Shanyn Viars found her dream job in a nontraditional field.
After earning a Master of Science in Economics from UNC Charlotte’s Belk College of Business, Viars was hired as an economic and policy research associate and the only economist on staff at American Rivers, a conservation organization based in Grand Rapids, Michigan.
“I wanted to use my degree to change public policy and, particularly, clean water — it is the backbone of a healthy community and society,” said Viars ’15, ’16 M.S. “As an economist, I help communities weigh sustainable options and foster innovative financing structures that will be needed to address our urgent water challenges.”
Viars is one of a growing number of Belk College M.S. in Economics graduates who are pursuing a nontraditional economics career.
Economics Professor Craig Depken said graduates of the STEM-designated program are finding jobs in a wide variety of occupations and industries.
“Our curriculum provides students with the tools for economic analysis which can be applied in a wide range of areas, including economic development, education, medicine, logistics, sports, and politics, to name a few,” Depken said.
After earning a bachelor's in economics, Viars found a job but was quickly disillusioned with cubicle life.
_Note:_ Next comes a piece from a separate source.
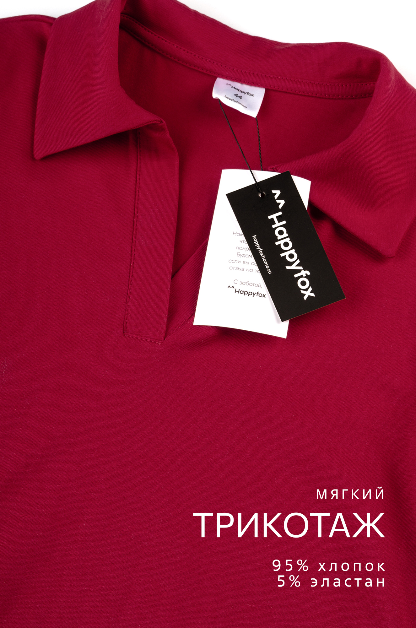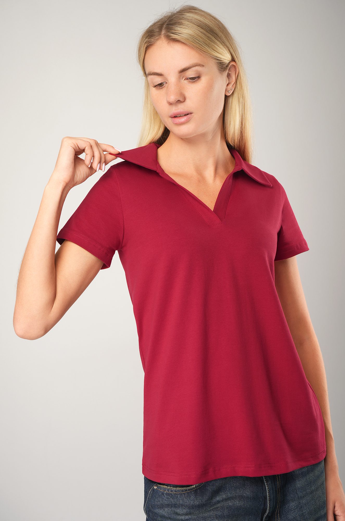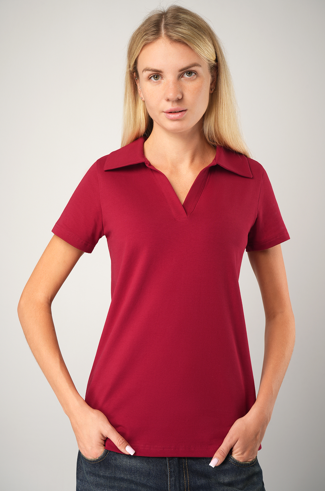 Бордовая футболка поло из трикотажа кулирная гладь выполнена в лаконичном дизайне: прямой крой, отложной воротник и V-вырез добавляют изящности. Хлопковое поло подойдет для похода в офис, на прогулку и для дома.

“I found out quickly that to do something impactful, I needed a master’s degree,” said Viars, who had good relationships with her professors, which played a major role in her decision to stay at the Belk College.
“Professor Depken helped me create my own academic path and choose courses that were purposeful,” Viars said.
It took a year to find her dream job, but Viars admits to being picky.
“I wanted a green or blue job, and they are harder to find,” Viars explained. “I used creativity in job search engines to look for roles requiring forecasting and analytic skills but not necessarily a job with ‘economic forecasting’ in the title. It is a shout-out to my professors who taught us to network, build our resume and be visible.”
History of the M.S. in Economics
Thirty years ago, as information technology was beginning to transform the field of economics, the M.S. in Economics program launched.
Young Davis, chair of the Department of Economics at the time, conceived of the program, said Ted Amato, professor of economics and the first program director.
“Young's perception was that the Charlotte metropolitan area was ready for a master's program in economics, both from the standpoint of opportunity for good placements as well as the pool of qualified potential students,” Amato said.
Richard Neel, who was dean of the Belk College then, was supportive of the initiative and took Amato to meet with dozens of business leaders to generate interest in the program.
“Meeting one-on-one with so many business leaders with Dean Neel was a huge investment in the program's success,” Amato said. “We got some interest from the business community and enrolled some part-time students during those early years.”
At the beginning, two required courses that were created in response to increased computing technology – econometrics and economic forecasting – set the program apart.
Amato said the graduate program grew again in 2007 with the transition of courses to the evenings, helping to better accommodate working professionals.
UNC Charlotte’s location in the second-largest banking center in the nation has helped to pave the way to success for many graduates. Over the years, graduates have found careers in banking, forecasting, auditing, financial analytics, law, and other traditional sectors. Others headed for careers in academia.
The 30th anniversary of the M.S. in Economics is one of several milestones as the Belk College celebrates its 50th anniversary this academic year.